Shares

A share is essentially a share in a company; if you own a share you own a tiny part of that company. Shareholders are entitled to take part in decision making processes regarding the running of the company: the more shares you own, the more control you have. For this reason it is common for company directors to own a large amount of the company shares. When you buy a share in a company you will be issued with a share certificate to prove your ownership. You can purchase shares in any public company through a stockbroker. These shares are traded using the stock market, and depending on economic conditions and the estimated value of the company itself, the price of the shares can rise or fall.

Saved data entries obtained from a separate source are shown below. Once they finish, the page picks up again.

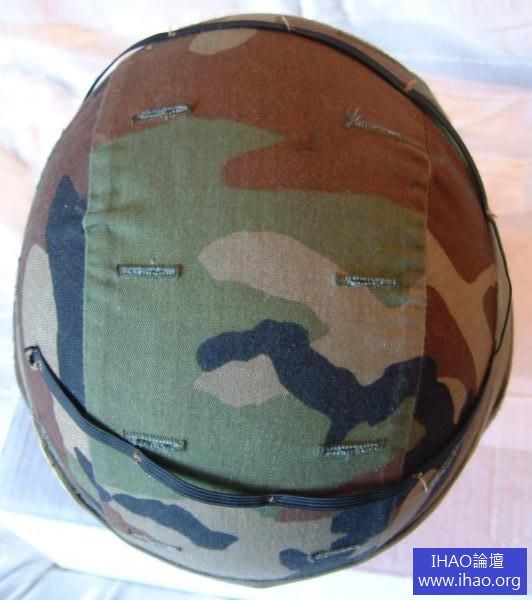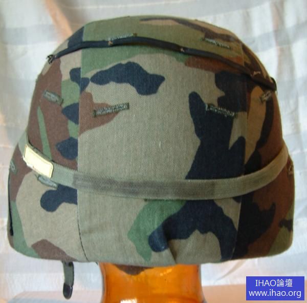 盔罩安裝在頭盔上的樣子,另外注意顎帶的結構,左右都有一個帶扣。盔罩上口子用來插樹枝等偽裝物。盔罩由五塊布料縫製:中間一塊從前至後的長方形布料,兩側兩塊半圓形布料,另外還有兩片布料用於固定。最後兩片布料在圖中是無法看到的,因為被壓到內部,在最後的盔內視圖中可以看到
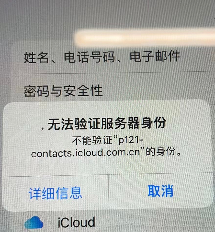 手机和ipad都会出现无法验证服务器身份不能验证“p121- contacts.icloud.com.cn”的身份
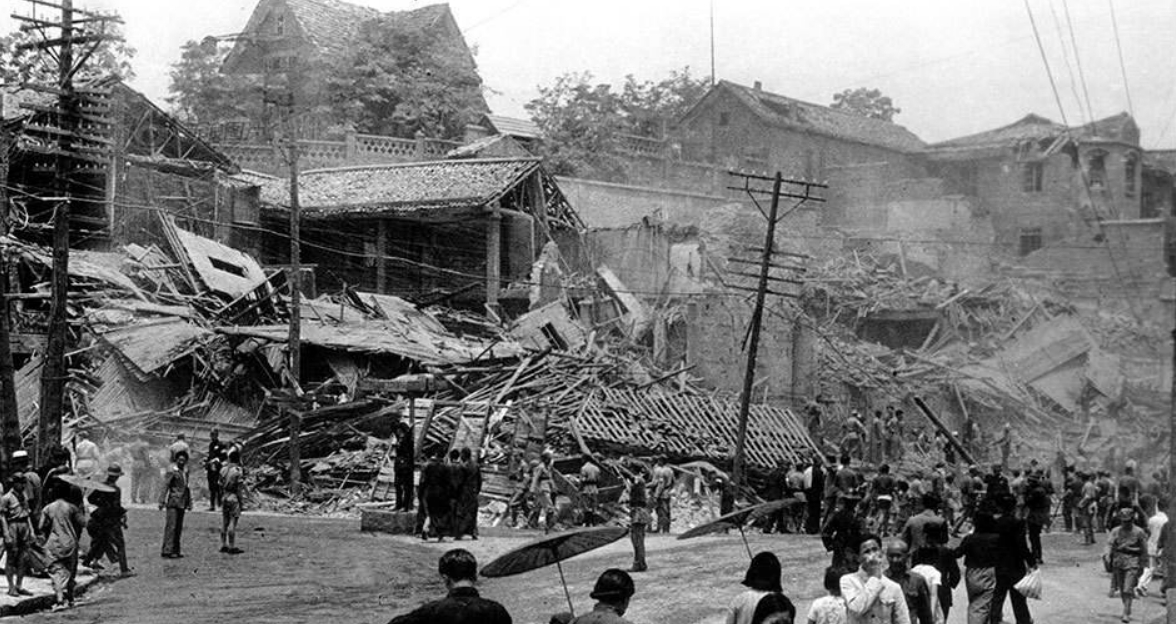 日军轰炸后的重庆城区
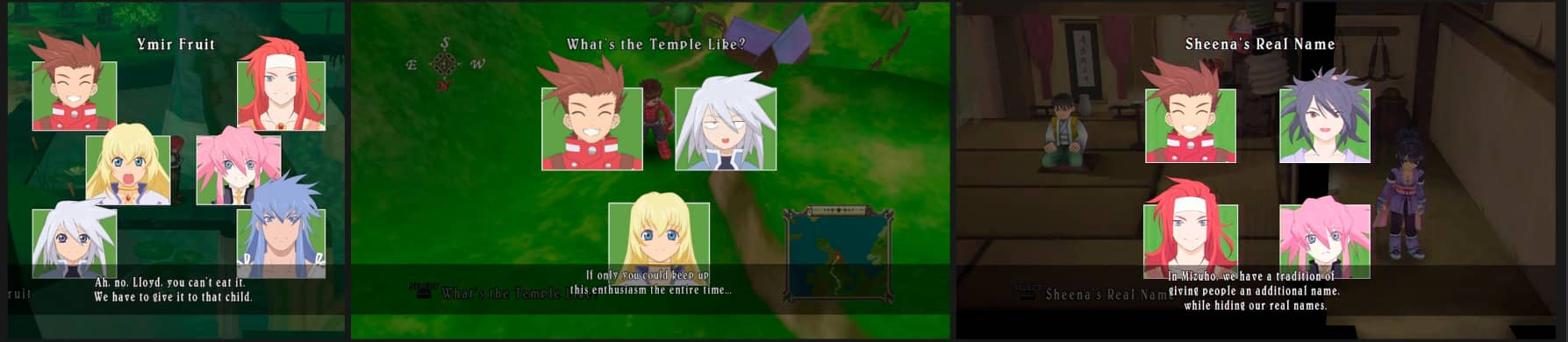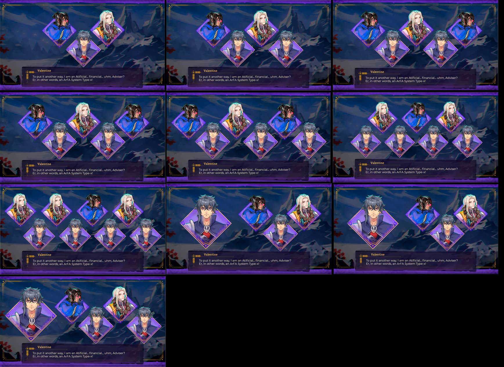 Functionally, we wanted to create a dialogue screen similar to what Tales of Symphonia does for their multi-character conversations. We wanted to be able to include multiple actors in a single screen, with enough flexibility to encompass multiple compositions and animations based on how many actors are on screen.
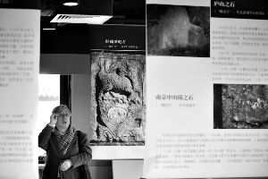 在展出的這些被掠奪走的石頭圖片中,有明代宮廷雕刻麒麟石、“上海市政府辦公廳”唐草紋樣拱門石、長(zhǎng)城石磚、綏遠(yuǎn)清代高官墓石、南京中山陵的石頭、泰山頂上的石頭、南京紫金山上的石頭、蘇州城的太鼓石、旅順港的封鎖舟之石等。(記者王薈)

When a company is making a lot of money its directors can agree to pay the shareholders a share of the profits in the form of a dividend. There is no guarantee of a dividend, just as there is no guarantee that a company will make a significant profit. If you do not receive regular dividends from your investment, you can make good returns by selling your shares when they have risen in value. Remember that there is no guarantee of a profit, and it is not uncommon for shares to lose value significantly or altogether. Do not invest any money in shares that you cannot afford to lose. The basic idea of share trading is to buy cheap shares and sell them when they have increased in value: the difference in price is your profit, and a lot of profit means you have made a good return on your investment. It can take a lot of expertise to buy and sell shares at the correct time, and you will need a lot of time to follow the markets and easy access to your stockbroker. For this reason it may be best to employ a professional to monitor your investments or invest in a ready-made portfolio offered by a high street bank.